Roger Boulter’s recent book draft (on www.boulter.co.nz) won a 2020 WSP Golden Foot Award. This post outlines some issues covered in the first of two appendices.
‘Cycling Facilities’ and ‘Vehicular Cycling’
The idea of paths for cyclists separated from roadways is not new. The first such paths date from the 1930s. A 1950s surge in urban development gave an opportunity for urban and transport planners to go all-out in providing comprehensive networks of cycle paths (shared with people on foot). Notable early examples were in Stevenage (UK) and Canberra (Australia).
The problem, though, was that providing comprehensive arterial road networks at the same time led to declining cycling on the paths, and secluded paths also meant personal safety issues through lack of natural surveillance.
The prevailing culture of planning for motor traffic having priority inevitably led to arguably substandard path design. Another problem was hostility to cyclists on the roadways, not only by the motoring public, but also transport planners, who assumed the comprehensive path systems provided well for all cycling movement, so cyclists ‘would not need’ and therefore ‘should not use’ the roads.
In reaction, and to highlight cyclists’ equal rights on the road, John Forrester in the USA argued that cyclists should cycle ‘vehicularly’ among motor traffic – ‘behave like a car’. His among-motor-traffic cycling skills guide ‘Effective Cycling’ was published by the prestigious Massachusetts Institute of Technology. Some advocates of Forrester’s thinking, taken to its logical conclusion, argued that there should not be any need for ‘cycling facilities’ (dedicated cycling infrastructure).
Over the same period John Franklin, from the UK Milton Keynes New City known for its comprehensive ‘redway’ network of shared paths (which Franklin argued were more dangerous than the roads), wrote ‘Cyclecraft’, again a guide to among-motor-traffic cycling skills, this time originally published by cycling advocates but later republished by the UK Ministry of Transport.
The debate on whether cyclists need off-road paths or should ‘skill up’ and ‘behave like a car’ on roadways has run and run over the years, and at times has been very fractious. Opponents of the ‘vehicular cycling’ approach have pointed out it is impracticable for all potential cyclists to safely cycle ‘vehicularly’ among traffic, citing for example children or those new to cycling. Some New Zealand cycling advocates have argued that a ‘vehicular cycling’ focus may distract official attention away from providing separated cycleways (and some have also opposed footpath cycling legalisation for the same reason).

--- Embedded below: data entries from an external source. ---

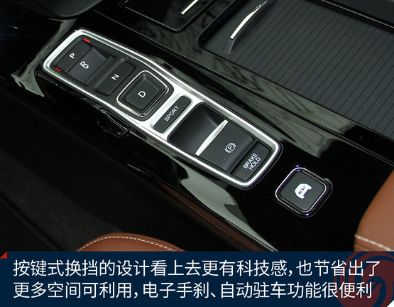 車內(nèi)采用了新的棕色真皮內(nèi)飾,而且還覺(jué)得缺了點(diǎn)什么。沒(méi)錯(cuò)!之前的排擋桿不見(jiàn)了,取而代之的是按鍵式換擋機(jī)構(gòu),看上去更有科技感,控制區(qū)也更簡(jiǎn)潔了。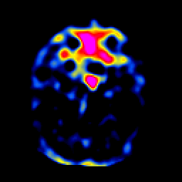 Click on sagittal image to select slice. Click on thin tickmark to change timepoint, or thick tickmark for overlay.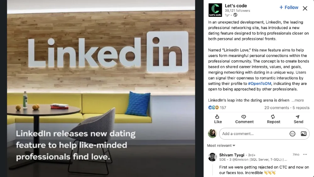 换句话说,这可能是当下Z世代中最流行的相亲方式之一。受欢迎程度之高,以至于TikTok上也出现了无数情感博主的手把手教程。甚至已经有公司在LinkedIn里开始举办联谊会了。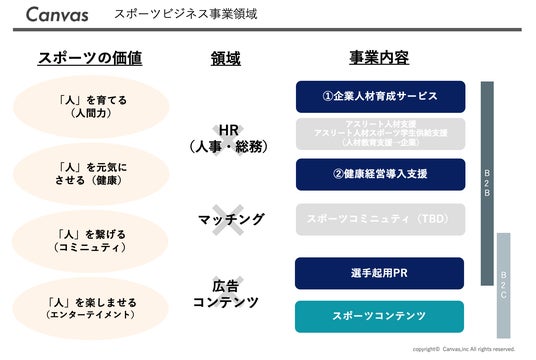 日本におけるスポーツの価値は、競技力だけではなく、ビジネスとしても向上させることが可能と考えています。スポーツが保有するリソースとして、スタジアムやアリーナ、その周辺の地域や施設、またアスリートのフィジカルデータや映像データ、団体の保有する権利など、多くを持ち合わせています。これらのリソースを活用し、スポーツの価値を他産業の価値と掛け合わせることで、スポーツの価値向上に繋がります。スポーツの価値の一つとして、Canvasは「人」に焦点を当て、Canvasがこれまで培ってきた企業の課題解決能力を活かし、第二創業フェーズとして、ビジネス界におけるスポーツの価値を向上させるスポーツビジネスを展開してまいります。

Some, such as the UK Sustrans cycle path charity, from the 1980s consciously sought to attract current non-cyclists through a programme of inter-urban off-road paths. In more recent years Roger Geller from Portland, USA, has theorised a population categorisation according to people’s likelihood of taking up cycling. Between a small proportions of “strong and fearless” (who cycle among traffic), and “no way no how” (who would never cycle no matter what incentives), a large proportion in Geller’s categorisation were “interested but concerned”, saying they would cycle if off-road paths were provided.
Coming at the same time as improved cycling facility designs, this led on in New Zealand since 2014 (see elsewhere in this book) to a focus on off-road separated path provision within road boundaries, or alternatively paths shared with people on foot, or legalised cycling on roadside footpaths (also see elsewhere in this book on issues surrounding this).

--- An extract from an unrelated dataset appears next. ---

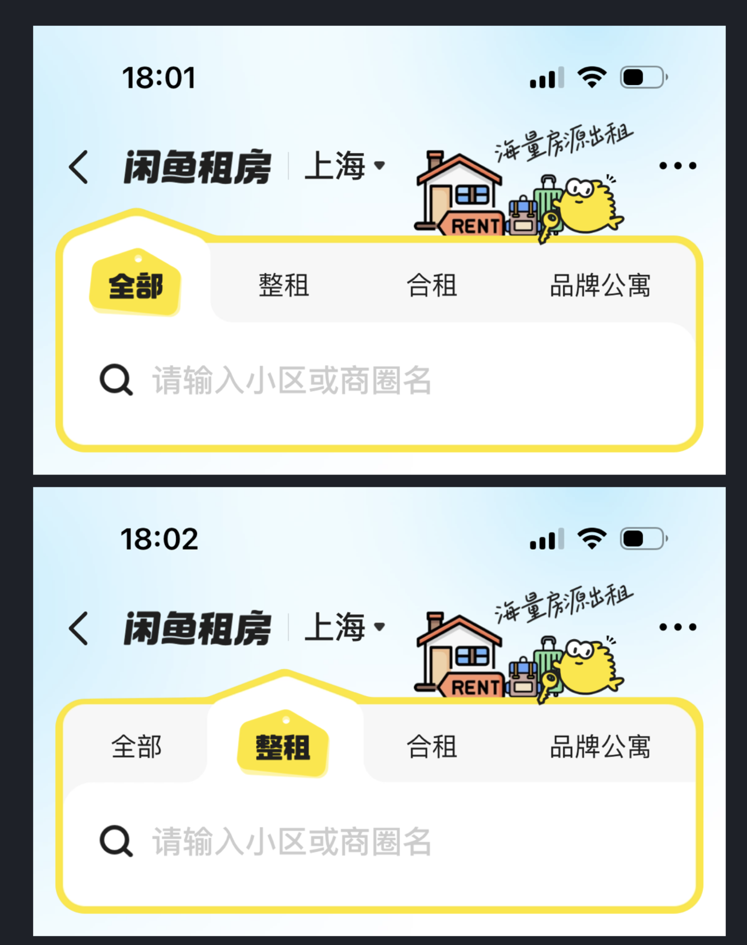 閑魚租房欄目的卡片設(shè)計(jì)便是典型,它摒棄了常規(guī)的矩形卡片框架,將房屋結(jié)構(gòu)的輪廓融入卡片造型,用極簡的幾何圖形還原戶型特征,既貼合租房的業(yè)務(wù)核心,又讓卡片設(shè)計(jì)跳出了同質(zhì)化的視覺桎梏。這種將業(yè)務(wù)特征與視覺設(shè)計(jì)結(jié)合的方式,不僅讓卡片更有辨識度,還能讓用戶一眼感知到功能屬性,實(shí)現(xiàn)了美觀與實(shí)用的雙重效果。

The arguments will no doubt continue to run and run. Largely missing from them, however, has been measures affecting motor traffic volumes and speeds, or the relative attractiveness of choosing to drive rather than cycle. An approach mainly or largely based around providing ‘cycling facilities’, of whatever type, has always had at best only a marginal effect on the amount or safety of cycling, because driving remains more attractive and therefore most people’s preferred transport choice. And ‘behaving like a car’ among motor traffic doesn’t attract new people to cycling either.
Another casualty of the debate, possibly consciously or unconsciously discouraged under a prevailing approach based on provision of dedicated cycling infrastructure, has been the extreme scarcity of any training or coaching opportunities, especially for adults, on safe cycling skills among motor traffic.